A growth rebound thus appears unlikely, which is bad news for the global economy: Of the US$25 trillion of GDP added globally over the last ten years, China contributed US$10 trillion (40%).
very well articulated Neelkanth! “hitting the limits of supply side economics” constrains their ability to engineer growth.. I have always wondered how much of provincial revenues were supported by release of real estate land banks, and what happens to that part of the pie! “Would it grow or would it shrink” and what that means for an overleveraged Chinese economy that is slowing down. would be great to hear your views.
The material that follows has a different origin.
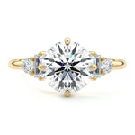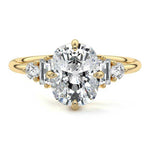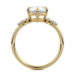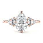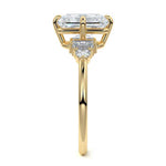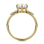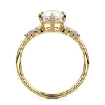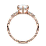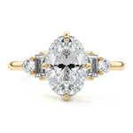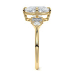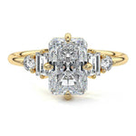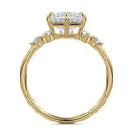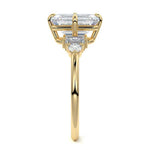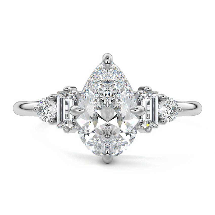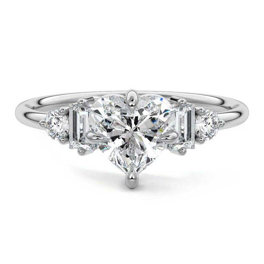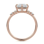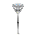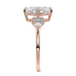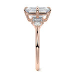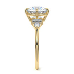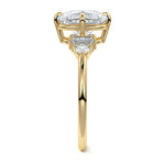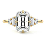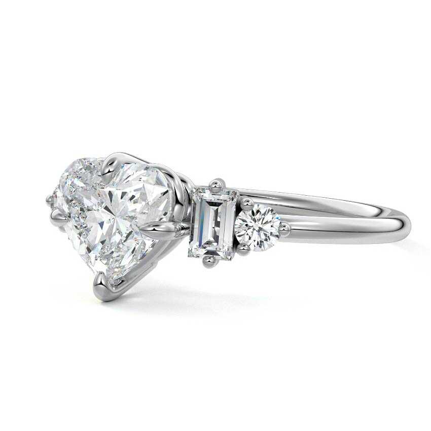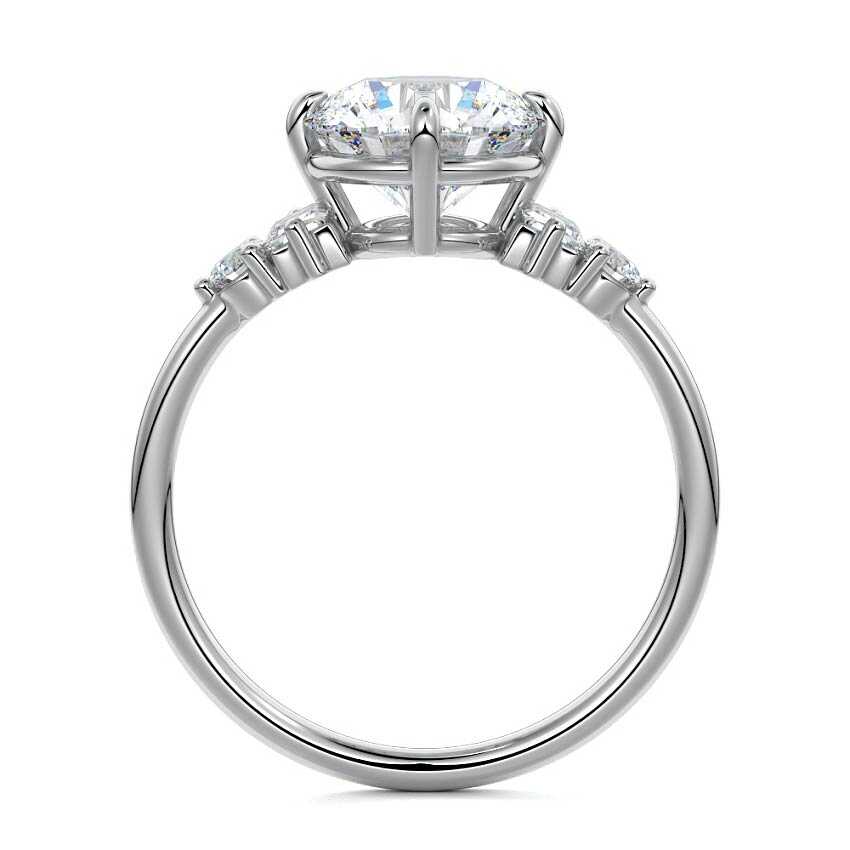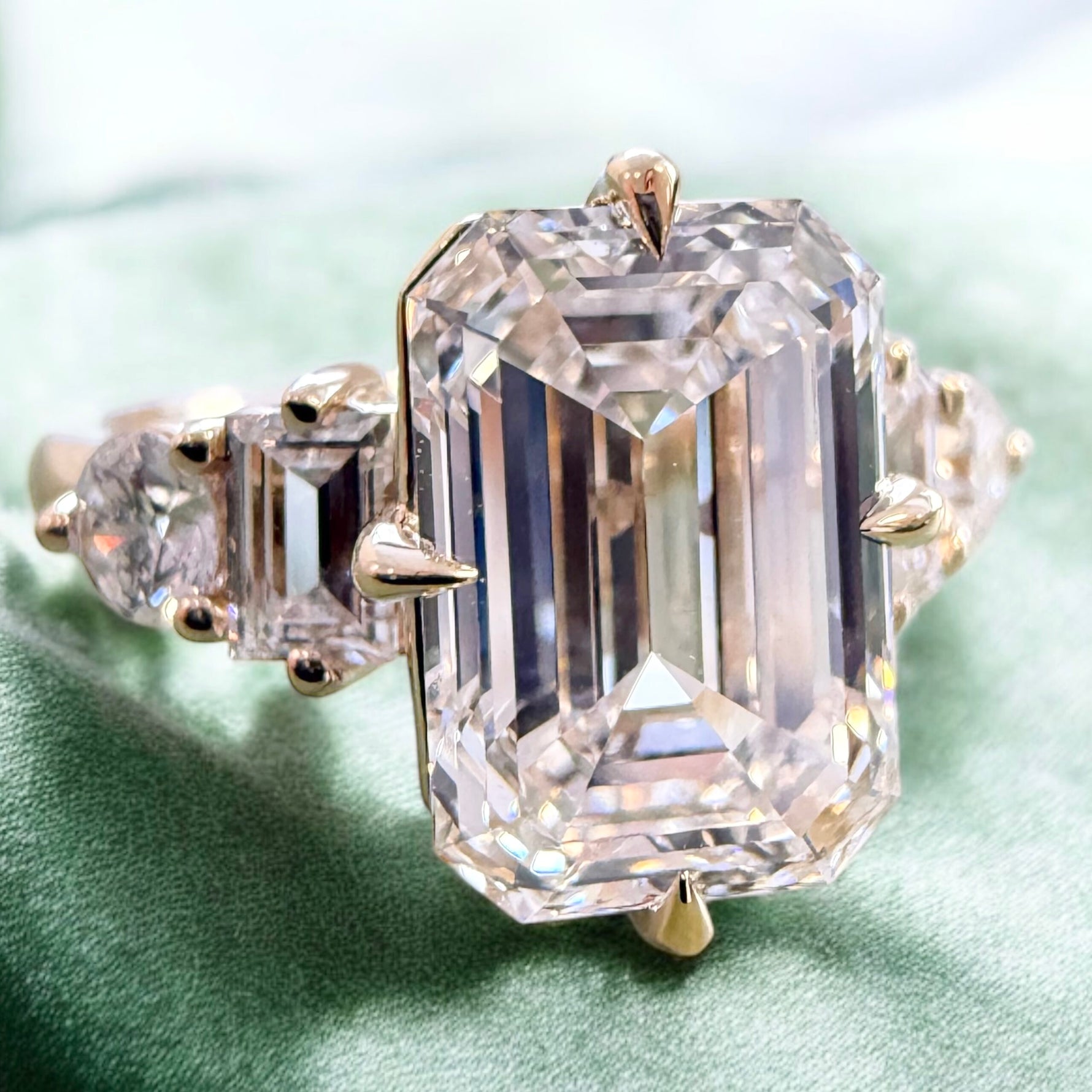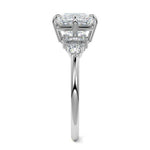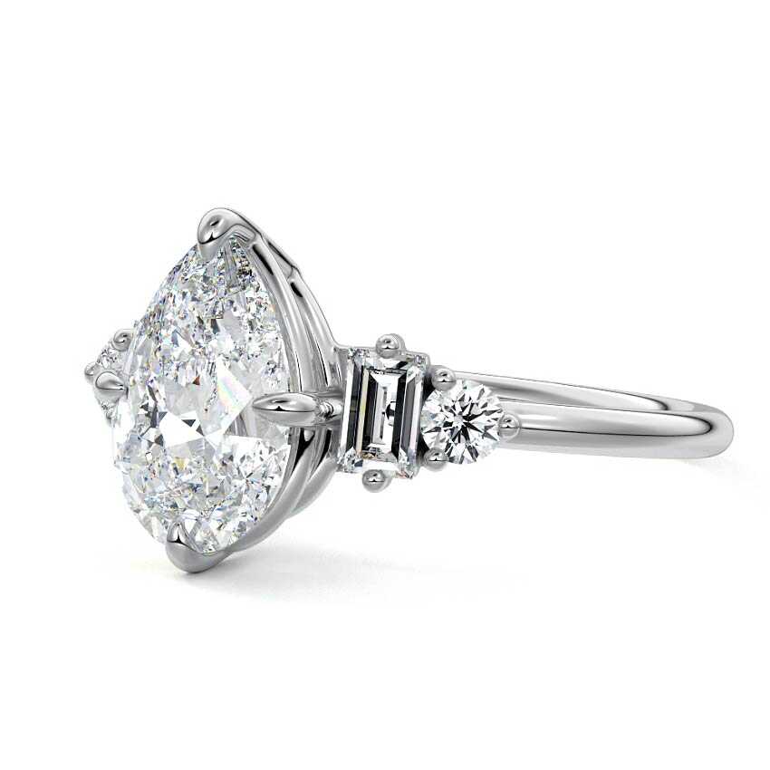 This unique engagement ring showcases a stunning design with baguette and round diamonds beautifully placed on each side of the center stone. The combination of sleek baguettes and sparkling rounds creates a captivating contrast, enhancing the overall brilliance and elegance of the ring. This exquisite arrangement not only adds visual interest but also symbolizes the perfect balance of strength and romance, making it a truly one-of-a-kind choice for your special moment.

Thanks Sashi. I too think that is a problem area. A significant part of local government revenues came from land sales and the real-estate market, and local government financing vehicles (LGFV) are over-leveraged. How does central support flow through to local governments? Can it be selective? What occurs to the political balance between the central and local elites? These are deep, political-economy questions. With the shift towards centralization over the past decade, which was perhaps necessary during the clean-up process, there are already question marks on local dynamism, which many scholars believe was the primary driver of China’s growth acceleration (and I agree). If the LGFV balance-sheet clean-up during a period of real-estate demand slowdown results in even more centralization, and it’s hard to imagine a scenario of a cleanup where that does not happen, it would be another substantial change in China’s governance structure. No easy answers.
Really a comprehensive and deeply analytical article about what lies ahead for China.